Personal information
- Date of birth: 14 October 1990 (age 35)
- Place of birth: Ugbokolo, Nigeria
- Height: 1.80 m (5 ft 11 in)
- Position: Forward

Senior career*
- Years: Team / Apps / (Gls)
- 2005–2007: Abuja F.C.
- 2008–2009: Warri Wolves / 22 / (13)
- 2010–2011: Lillestrøm / 36 / (27)
- 2011–2013: Mainz 05 / 12 / (2)
- 2012–2013: → 1. FC Köln (loan) / 28 / (13)
- 2013–2015: 1. FC Köln / 66 / (21)
- 2015–2016: Werder Bremen / 32 / (11)
- 2016–2017: Liaoning Whowin / 39 / (10)
- 2018–2019: Mainz 05 / 33 / (4)
- 2019–2022: Union Berlin / 27 / (3)
- 2022–2024: Eintracht Braunschweig / 52 / (13)
- 2024–2025: Botev Plovdiv / 1 / (0)
- Total:  / 348 / (117)

International career
- 2013–2015: Nigeria / 7 / (0)

= Anthony Ujah =

Nigerian footballer

Anthony Ujah (born 14 October 1990) is a Nigerian former professional footballer who played as a forward, spending most of his career in Germany. He made seven appearances for the Nigeria national team between 2013 and 2015.

==Early life==
Ujah grew up in the little town of Ugbokolo in Nigeria's Benue State.

==Club career==
Ujah began his career with Abuja F.C. In 2008, he was signed by Warri Wolves. He left Warri Wolves in January 2010 to attend a trial with Lillestrøm.

===Lillestrøm===

====2010 season====
Having impressed while attending the trial, Ujah signed a four-year contract with Lillestrøm and made his debut for the club on 14 March 2010 against Aalesunds FK.

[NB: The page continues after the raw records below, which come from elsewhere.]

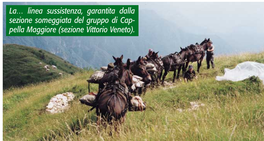
La... linea sussistenza, garantita dalla sezione someggiata del gruppo di Cappella Maggiore (sezione Vittorio Veneto).

Attrezzi per i lavori? L'unico a motore è stato un mini escavatore; poi, picconi, badili, mazze, leve, carriole, e quindi, come sempre, tanto... olio di gomito! Tutto, per rendere omaggio alla memoria di combattenti che, come ricorda la targa apposta presso il rifugio ("Caposaldo 1308"), furono la 1118ª compagnia bersaglieri mitraglieri Fiat, e quindi l'8º e il 9º reggimento Alpini dell'80ª divisione, con nomi quali Aosta, Monte Antelao, Pieve di Cadore, Val Cismon, Monte Pelmo, Monte Suello, Monte Cervino, Cividale, e via elencando. Storia nostra, storia d'Italia, che non deve essere dimenticata. ●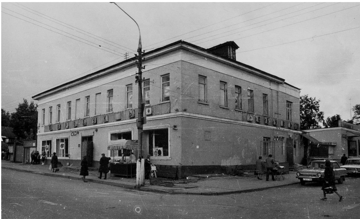
Жилой дом. Московская ул. 7/9.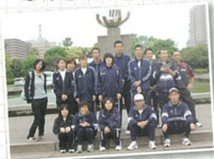
▲メダルをたくさん持って帰る事ができました♪

今年の前年に比べて参加者が少なかったのですが、来年は更に練習を重ね多くの方が参加出来る様皆が一丸となつて取り組んでいきたいと思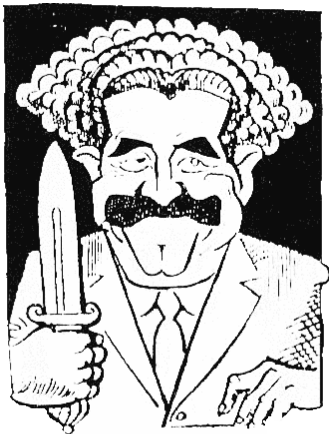
ВИНЕХ (756 г. — 761 г.) маслото му светила Угаиновата партия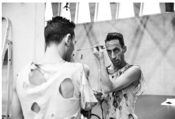
Maquillage de la Mort punk.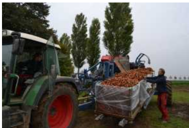
Geerntete Möhren gelangen direkt ins Kühlager.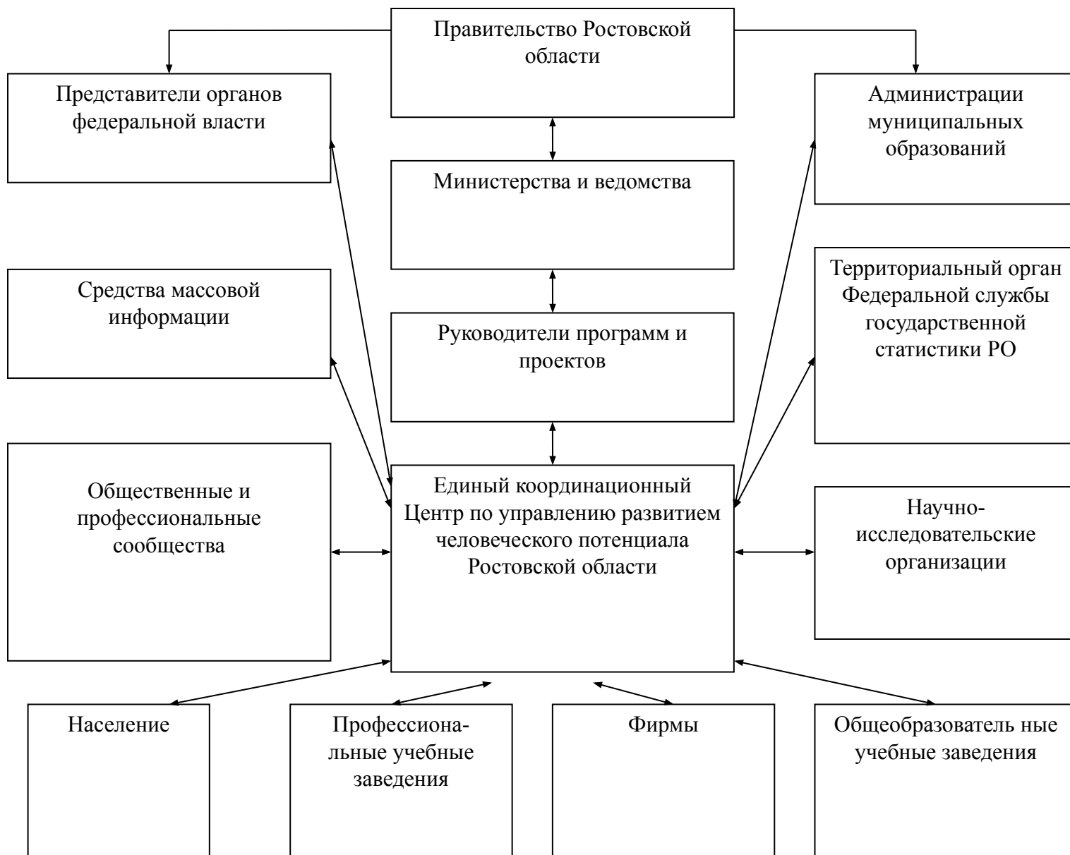
Схема взаимодействия Единого координационного Центра по управлению развитием человеческого потенциала Ростовской области с внешними субъектами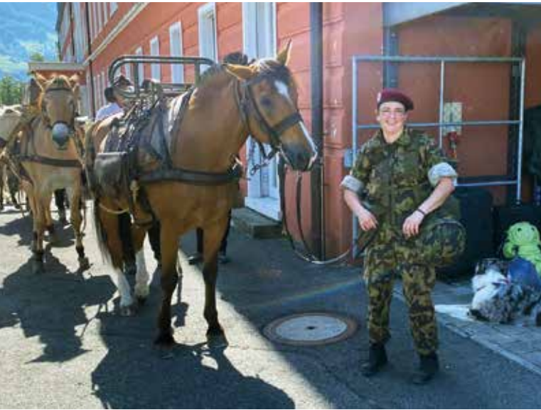
Pünktlich zum Eröffnungs-Zug waren mein Kamerad "Lady Killer" und ich bereit.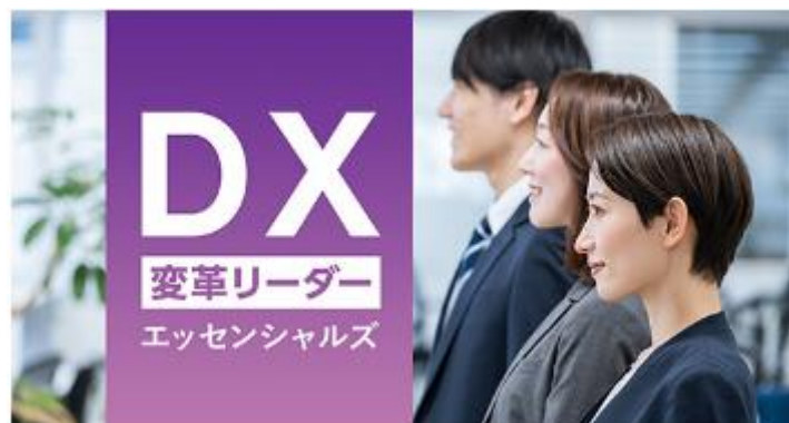
図2：講座②コースカード

※本講座はビジネスデザイン研究所による文部科学省委託事業（「DX 等成長分野を中心とした就職・転職支援のためのリカレント教育推進事業」）「DX 変革リーダー育成プログラム」の一環で開講されたものである。

In January 2011, Ujah was linked with a move to England with Football League One clubs Swindon Town and Southampton reportedly interested. On transfer deadline day, Ujah travelled to La Liga side Mallorca to discuss a move after Lillestrøm accepted a bid for the striker. However, no deal was signed, and Ujah started the 2011 campaign still in the Norway with Lillestrøm.

====2011 season====
In the first game of the season on 3 March 2011, Ujah scored four goals in Lillestrøm's 7–0 victory away against Stabæk. Following his strong performance, it was reported that PSV Eindhoven, among other European clubs such as Rennes, Lille, Toulouse and Sunderland, were keeping tabs on Ujah. Ujah added to his tally by scoring a brace in his side's 5–0 of FK Haugesund on 25 April. In May 2011, following his return of eight goals from the first six league matches for Lillestrøm, Ujah was linked to a host of bigger clubs from strong continental leagues including the Bundesliga, Ligue 1 and Eredivisie. A month later on 28 May, Ujah netted the winning goal in a 4–2 victory over Sarpsborg 08. On 19 June 2011, Ujah again hit four goals for Lillestrøm, this time against Strømsgodset, helping his side to a 4–2 win in the Tippeligaen. After just 15 months in Norway, he built up a tremendous rapport with the club's supporters and arguably attained an almost legend-like status unheard of for a 20-year-old. He ended up scoring 30 goals in 42 matches across all official competitions for Lillestrøm.

===Mainz 05===
In June 2011, Ujah signed for Mainz 05, after being tracked by several clubs, most notably Danish outfits F.C. Copenhagen and Brøndby IF. Early in his Mainz career, Ujah missed multiple chances and scored a crucial own goal as Mainz were knocked out of the UEFA Europa League by Gaz Metan Mediaș. Ujah scored his first two goals for his new club in a 3–1 victory over VfB Stuttgart on 4 November, ending his side's winless run that stretched back to mid-August and moved them three points clear of the relegation zone; however, these were the only Bundesliga goals he scored that season, and he made only three substitute appearances after the winter break.

=== 1. FC Köln ===
On the last day of the summer 2012 transfer window, Ujah signed for 1. FC Köln on a season-long loan. He scored 13 goals in the 2012–13 2. Bundesliga and the transfer was made permanent at the end of the season.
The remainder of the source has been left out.